Although negatively valenced thoughts were mainly in the minority of the overall sample (8%), consistent with the mild average positive affect bias of self-generated thoughts (Fox et al., 2018), they were overexpressed in RSTP-1 and RSTP-4. Relative to other RSTPs, both negatively valenced RSTPs overexpressed self-focused/future-oriented thoughts and inner speech. This specific association between thought content and form was also observed independently of emotional valence (Stawarczyk et al., 2013; Vatansever, 2020), which is consistent with the mnemonic functions (reminders to do things), action planning, and decision-making previously associated with inner speech (D’Argembeau et al., 2011; Morin et al., 2011).
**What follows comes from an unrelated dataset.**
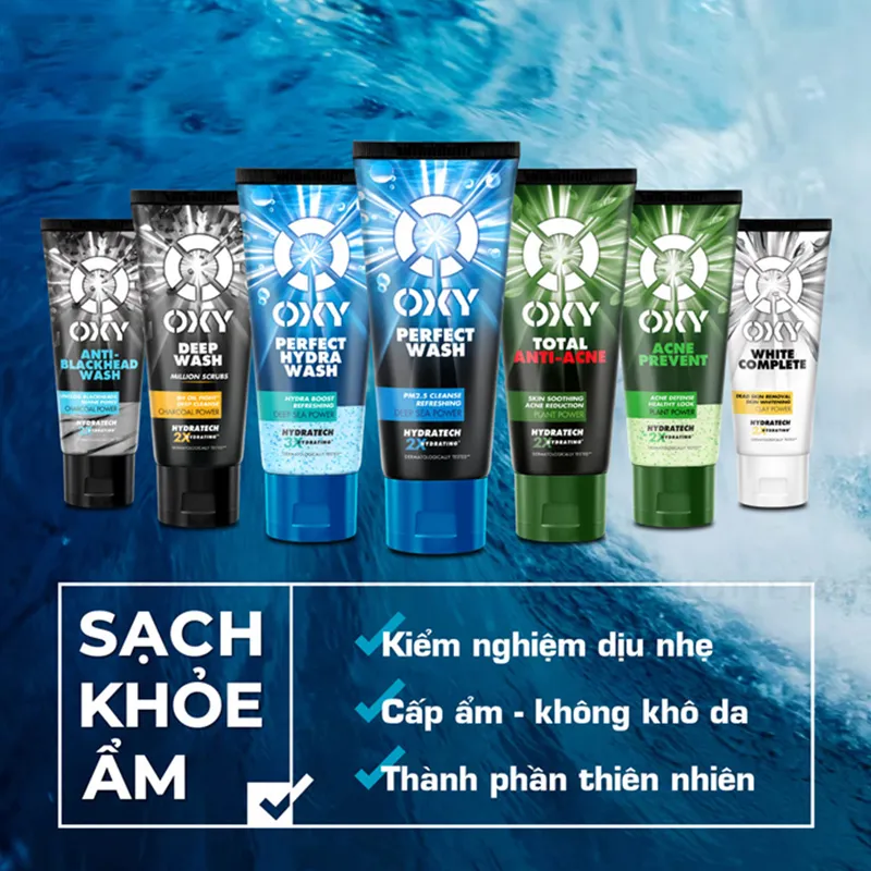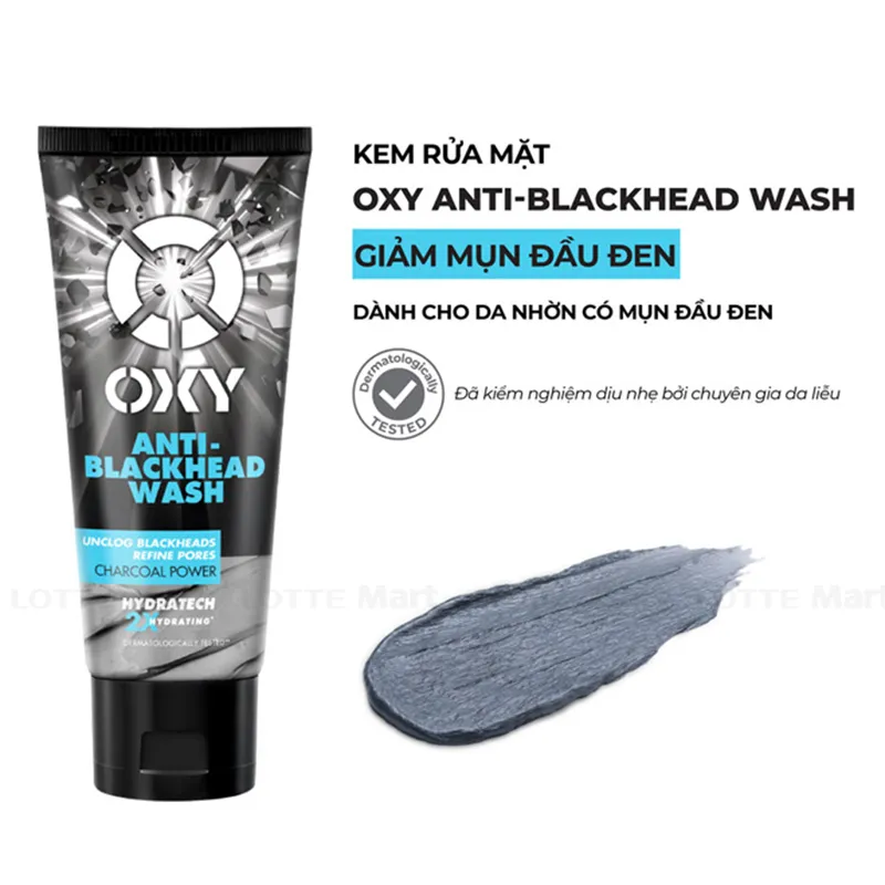 Kem Rửa Mặt Oxy Anti-Blackhead Wash Giảm Mụn Đầu Đen Tuýp 100g là sản phẩm sữa rửa mặt chăm sóc da dành cho nam giới đến từ thương hiệu OXY. Công thức chứa sức mạnh từ hàng hạt Than đen siêu vi, AHA,PHA kết hợp Công nghệ cấp ẩm HydraTech giúp đánh bay nhờn vượt trội, giúp làm sạch mụn đầu đen hiệu quả.

Additionally, relative to the unique positively valenced RSTP-3, RSTP-1 overexpressed empathetic thoughts and RSTP-4 overexpressed concerns related to the here-and-now. Finally, RSTP-4 shared almost all of the same thought types as RSTP-2, but they were much more frequent in RSTP-4. Overall, this suggests that the high frequency of specific thought profiles is related to negative valence and highlights the need to consider both thought contents and their frequency. To this end, RSTPs appear to be a precious tool for “quantifying an individual’s full profile of thought content” (Andrews-Hanna et al., 2013).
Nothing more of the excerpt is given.